300,000 Bottles Used in New Taco Bell Campaign Recalled


Taco Bell on Friday began a voluntary recall of 300,000 plastic water bottles being sold as promotional items after receiving reports that they posed a risk to small children who could pull out and possibly choke on the small, movable tops.

The recall came just four days after Taco Bell started sales of the neon-colored bottles for 99 cents each as part of a $12-million “tacos to go” advertising promotion featuring professional bicycle racer Greg LeMond. The bottles were being sold at 2,700 Taco Bell stores nationwide.

The recall was launched after Irvine-based Taco Bell and the bottle’s manufacturer, Specialized Bicycle Components of Morgan Hill, informed the U.S. Consumer Product Safety Commission about the potential hazard.

On Thursday, Taco Bell halted sales of the brightly-colored sports bottle after receiving reports of three incidents in which children pulled off the tops--similar in design to the top on bottle of dish-washing liquid--and attempted to swallow them.


In one case, Specialized officials said a parent performed the Heimlich maneuver on a child who had started to choke on the bottle top, which was stuck in his windpipe. In another, the bottle top was removed from the child’s mouth before he choked.

Company officials declined to provide other details about the incidents, which occurred at undisclosed locations in the Midwest.

Taco Bell said that it ordered 2.5 million of the bottles for the campaign but that only about 300,000 were sold as of Thursday. Taco Bell spokesman Elliott Bloom said the bottles can be returned to Taco Bell for a full refund.

Specialized, the nation’s largest maker of bicycle water bottles, has produced more than 10 million of the containers over the last decade without reported risk or injury, said company spokesman Ken Brenner.


He said the company has stopped all production and distribution of the water bottle because of the Taco Bell recall, although it was still being sold through bicycle shops and other speciality retailers.

The bottle has three pieces: the main container; a cap; and a small mouthpiece closure top, called a poppet. The poppet is designed to be pulled with the teeth as a person is riding a bicycle. Bloom said the poppet was designed to come off with a hard pull so that the bottle can be cleaned.
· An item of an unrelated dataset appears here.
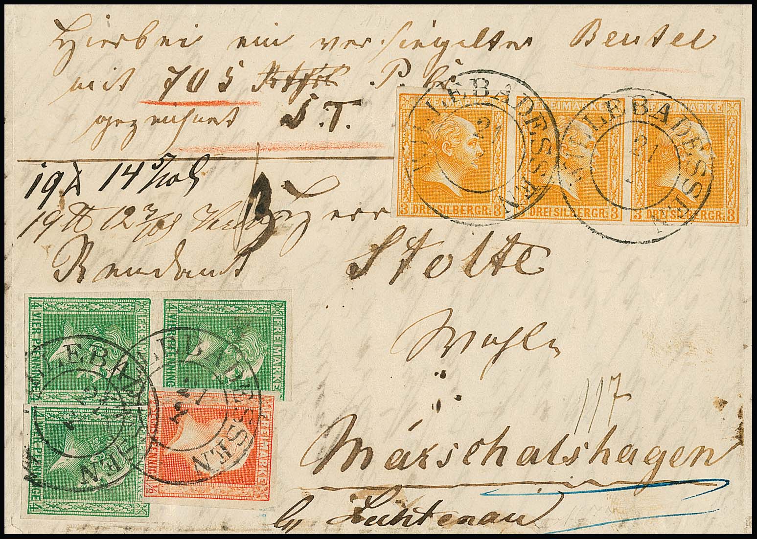 1/2 Sgr. ziegelrot, Paar und Einzelstück 4 Pfge. grün sowie Dreierstreifen 3 Sgr. orange auf Wert-Paketbegleitbrief mit vorphil. K2 "Willebadessen" nach Marschalshagen bei Lichtenau. Das Paar der 4 Pfge. rechts berührt (unauffällig), sonst alle Marken voll- bis breitrandig. Dekorative Anordnung der Frankatur, sowohl seltene Kombination als auch sehr späte Verwendung der Nr. 1 in 1862. Portogerecht mit 10,5 Sgr., hiervon 10 Sgr. für den Paketbegleitbrief in der 3. Entfernungsstufe mit knapp 20 Pfd. = dreimal 20 mal 2 = 120 Pfg. (also 10 Sgr.) plus 6 Pfge. für die Wertangabe unter 50 Thalern. Ein altbekanntes Stück aus den Sammlungen Blecher, Müller und Metzer, zudem Titelfoto des Preußen-Rundbriefes Nr. 168. Sign. Meier, Kruschel, Banker

But this feature also poses a potential choking hazard to children, Taco Bell said in a statement. The company said care should be taken not to allow young children to have access to the bottles.

Bloom said company officials worked through the night Thursday to make a presentation to the consumer commission. By law, companies are required to notify the agency in a timely manner when they suspect that a product is hazardous, said commission spokeswoman Anne L. Pavlich.

“We went to the commission as soon as this thing was reported to us,” Bloom said.

Times staff writer John O’Dell contributed to this article.